The Algol 60 report (Naur et al. 1960) provided no mechanisms for input or output; it was expected that implementations would extend the language in ways suitable for the I/O facilities of the host environment. The designers of C famously made the same decision; the C compiler developed by Kernighan and Ritchie provided a standard I/O (stdio) library but expected (apparently in a sort of let a hundred flowers bloom, let a hundred schools of thought contend frame of mind) that different implementers would choose different ways of managing I/O, with different libraries reflecting different ways of handling the task. Pressure from users (i.e., programmers using C compilers) eventually forced all C compilers to provide a version of stdio, and forced the relevant standards committees to standardize that library.

The ISO Pascal standard includes an interesting provision in the list of things a Pascal compiler must do to comply with ISO 7185 (quoted from Jensen and Wirth 1974/1985):

It [must be] able to process as an error any use of an extension or of an implementation-dependent feature.

Two things seem striking here: first the requirement that it be possible to turn off all extensions, which allows users to check to make sure their program does not depend on vendor extensions, and second the quiet assumption (without any discussion that I have found) that there will of course be extensions to the language, in some processors if not in all.

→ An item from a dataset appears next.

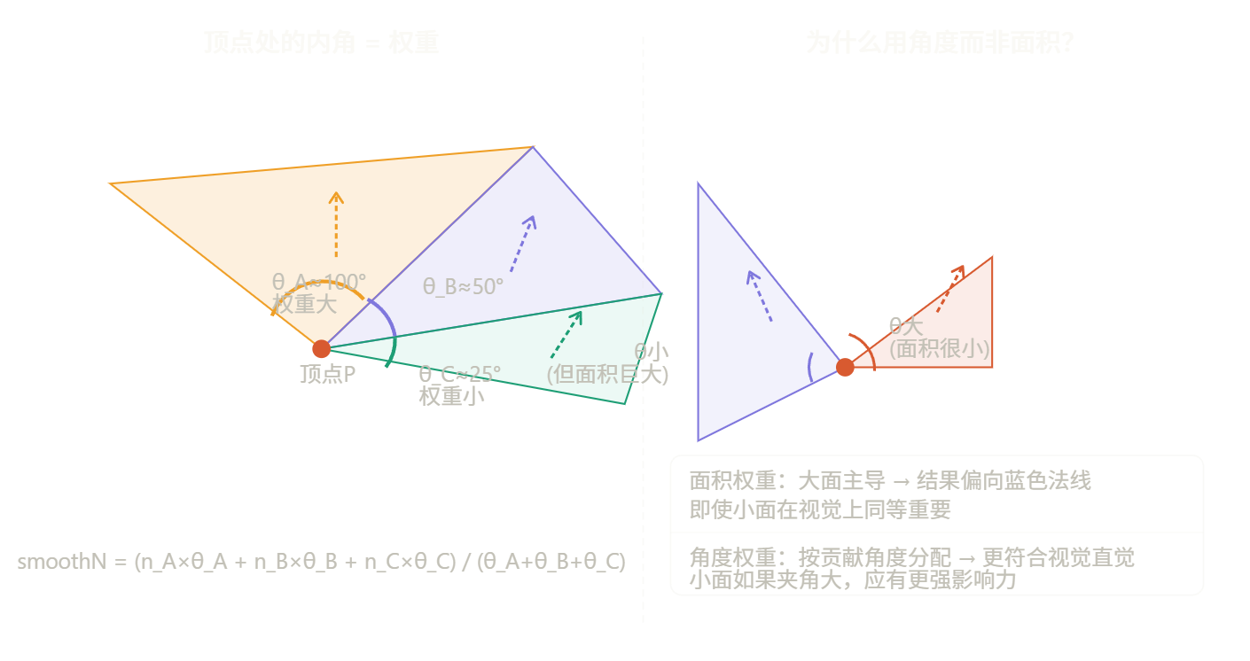 可以理解为对法线进行权重影响,这个权重来自于角度,一个顶点的法线,由周边的所有三角形法线和经过角度加权之后得到

The balancing of interests here seems worth bearing in mind: implementers may have an interest in extending the language, and so extensions are implicitly tolerated in a conforming processor.[2] Users, on the other hand, have an interest in portability and in avoiding lock-in, so conforming processors must be able to turn extensions off.

SGML took a different approach (ISO 8879:1986): with its processing instructions, ISO 8879 provided a mechanism that allowed users (and SGML editors) to insert non-standard information into documents and mark it as such, which allows other applications to ignore the information so marked. By requiring that processing instructions begin with a defined name, XML attempted to make it a little easier for processors which use processing instructions to know at a glance whether the instruction is one they should pay attention to or one they should ignore.

Programming-language processors have often felt a need for some similar mechanism for inserting processor-specific annotations into programs. Because programming language syntaxes often lack anything analogous to processing instructions, these processor-specific (or at least non-standardized) annotations are often embedded in what syntactically are comments. Thus a Pascal program[3] might begin with the comment:

{SC+: distinguish between upper and lower case}

In the absence of any inter-implementer agreement on how to distinguish one implementation's annotations from another's, of course, such mechanisms may lead to collisions.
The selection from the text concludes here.